Table 1 Performance of ant detection on the test set.
Figure 4
figure 4

Top row: visualization of ant detection results from the FE-1 (foreground extraction) . Bottom row: visualization of ant detection results obtained from the U-Net trained using the FE-1’s annotations.

In Table 2, we show the ensemble learning results for simple average ensemble, Random-NN-Fit35 and the proposed probabilistic NN-Fit. Clear improvement is achieved using probabilistic NN-Fit when combining networks in varied architectures and trained by different annotations.

Table 2 Learning from networks with different architectures and trained with different annotations.

Scenario-2: using a small amount of human annotations

When human-annotated images are available for network training, we make use of them together with algorithm-annotated images for DL network training. For comparison, we consider the following training data proportion settings: 2% human annotation (HA) + 98% algorithm annotation (AA), 4% HA + 96% AA, 10% HA + 90% AA, 20% HA + 80% AA, etc. DCN is used for the experiments here. In Fig. 5, we show our method significantly improves the detection performance when utilizing AA images and performs considerably better than a widely used semi-supervised learning method24. Compared to the model trained using training images with \(100\%\) HA, we achieve the same level of performance using only \(10\%\) human-annotated training images. To support the analysis in “Using both algorithm-generated annotations and human annotations for network training” section, we further compare the model version illustrated in Fig. 3 with the model without the two-output design (i.e., single output). In Table 3, we demonstrate that the two-output design yields considerably better results than the simple single output design.

Figure 5
figure 5

Ant detection performance for models trained using human-annotated and algorithm/DL-model annotated images. When using k% of human-annotated images, our method or the pseudo-label method24 utilizes the remaining \((100-k)\)% images with automatically generated annotations for network training.

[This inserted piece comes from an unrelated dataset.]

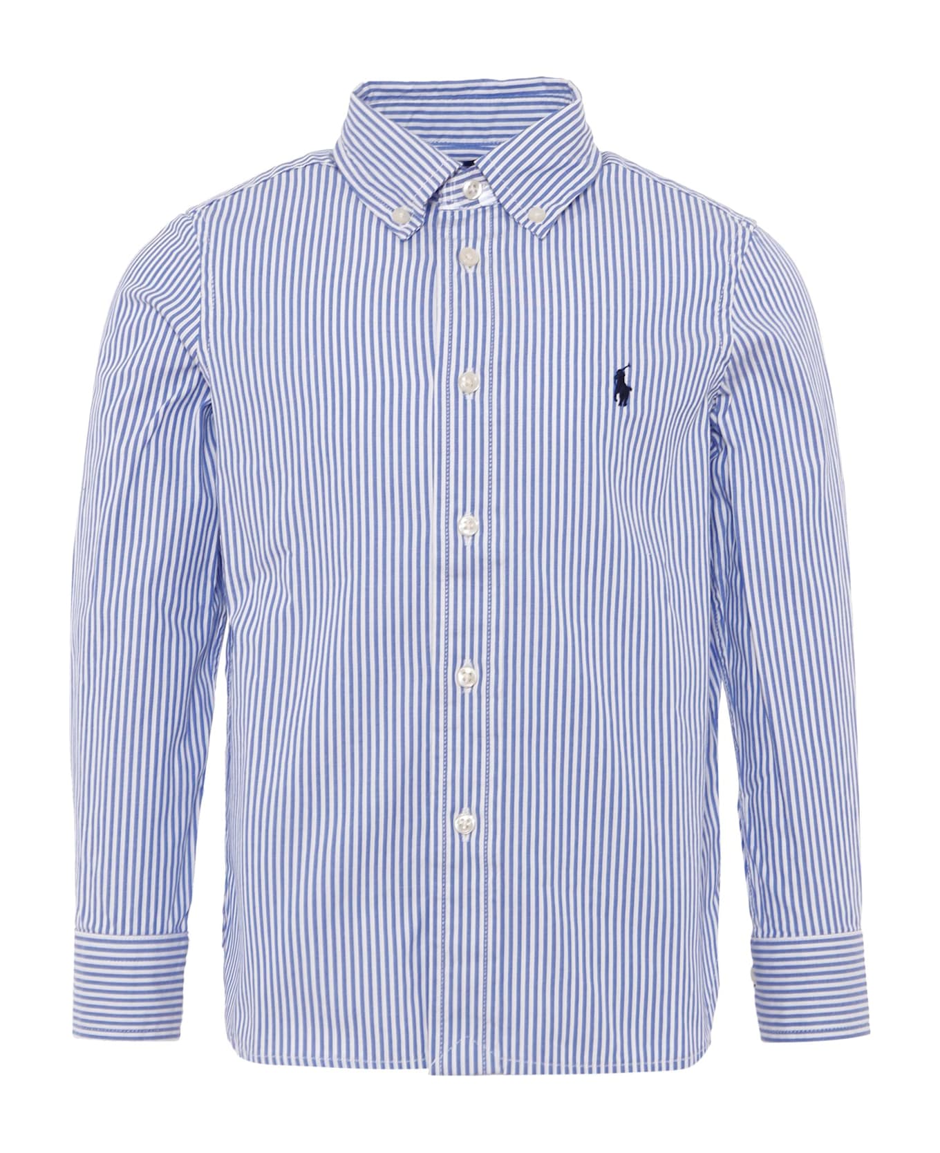 Light blue striped shirt, long sleeves, with collar, front closure with buttons. It is embellished with iconic blue pony embroidered on the chest.

Table 3 Comparing the models with and without the output branching design.

Conclusion

Automatic tracking of moving objects in biological videos provides many new opportunities to study the individual and group behaviors of animals. Deep learning based detectors are very powerful, but they often require a large amount of manually annotated images in training. This paper demonstrated the feasibility of using algorithms automatically-generated annotations for training deep neural networks. More particularly, our proposed LFAGPA method can effectively train deep neural networks without using any human annotations, and by utilizing a small amount of human-annotated samples, LFAGPA can train a deep neural network to achieve the same detection performance as the model trained using full human annotations. LFAGPA provides a new practical way to tackle video detection problems in large-scale biological studies.